Posted on Nov 12, 2023 by Jacqueline Trevino

Legal Precedent: Zhang v. USCIS (2020)

Traditionally, USCIS has treated unsecured loans as unviable sources of EB-5 funds. The U.S. Court of Appeals for the D.C. Circuit, however, changed the landscape of the EB-5 program in 2020 when it concluded in Zhang v. USCIS, 978 F. 3d 1314, 1319-22 (D.C. Cir. 2020) that loan proceeds invested into an NCE are indeed considered “cash,” rather than “indebtedness,” as per 8 C.F.R. §. 204.6(e)’s definition of “capital.” Under the regulations, “indebtedness” must be “secured by assets owned by the alien investor,” but “cash” need not be.

Case Background: Zhang and Hagiwara’s Petitions

In 2013, Huashan Zhang and Masayuki Hagiwara borrowed funds from each of their own businesses and invested the proceeds into an NCE. In 2015, USCIS denied their petitions for EB-5 visas, reasoning the loan proceeds invested by the petitioners were not secured by either of their assets, and such investments “did not satisfy the regulatory requirements for “indebtedness” to qualify as capital” under 8. C.F.R § 204.6(e). Id.

Legal Interpretation: Defining “Cash” in EB-5 Investments

The 2020 ruling clarified that proceeds from unsecured loans are considered “cash” and need not be secured by personal assets as would “indebtedness.” The Court of Appeals explained, “Cash is fungible, and it passes from buyer to seller without imposing on the seller any of the buyer’s obligations to his own creditors. The buyer’s source of cash—whether paycheck, gift, or loan— makes no legal or practical difference. Here, when Zhang and Hagiwara took out loans from their companies, they received cash proceeds. And when they invested the proceeds into the Nevada enterprises, they gave and the enterprises received cash, plain and simple, regardless of how it was obtained.” Id.

Compliance and Integrity: Implications of the RIA

Although Zhang provides more opportunities to participate in the EB-5 program, it is crucial to note that the capital investment requirement cannot be met unless the funds were provided to the investor in good faith and not to bypass the program’s restrictions on the sources of capital. (PL 117-103, Part 2(L)(iii)(I)(aa),(bb)).
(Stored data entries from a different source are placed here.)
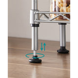 Stabiliteit heeft de hoogste prioriteit: het laatste dat u in uw keuken nodig heeft, is een onstabiele plank die steeds omvalt. Niemand wil een keukentafel schoonmaken waarop rozemarijn, tijm en paprikapoeder is gemorst, toch? Met dit keukenrek heb je eindelijk een stabiel onderkomen gevonden voor je kruidenpotjes, olieflessen etc. Hij is uitgerust met verstelbare poten om kleine oneffenheden in het tafeloppervlak te compenseren.
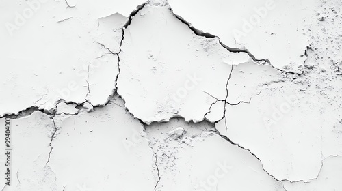 A close-up of cracked white paint on a wall, showcasing the unique texture and patterns created by wear and age.
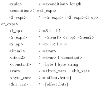 数据包过滤的主要目的是缩减数据。为了防止丢包,包过滤只做简单的基于包头内容的过滤(如IP地址、TCP/IP端口、TCP标志位等),去除不关心的网络数据包的数据而只留下其报头,并将其结果存入指定数据库。经过包过滤之后的网络包数据量将大大减少。包过滤规则的BNF范式描述如下:

The intention behind this requirement, which became effective when the EB-5 Reform and Integrity Act of 2022 (RIA) was signed into law, is to ensure the legitimacy and lawful origin of the investor’s funds, preventing any involvement with proceeds from illegal activities. Id.


Zhang, along with RIA’s new good faith requirement, underscores the program’s commitment to promoting genuine investment, economic growth, and the integrity of the immigration process.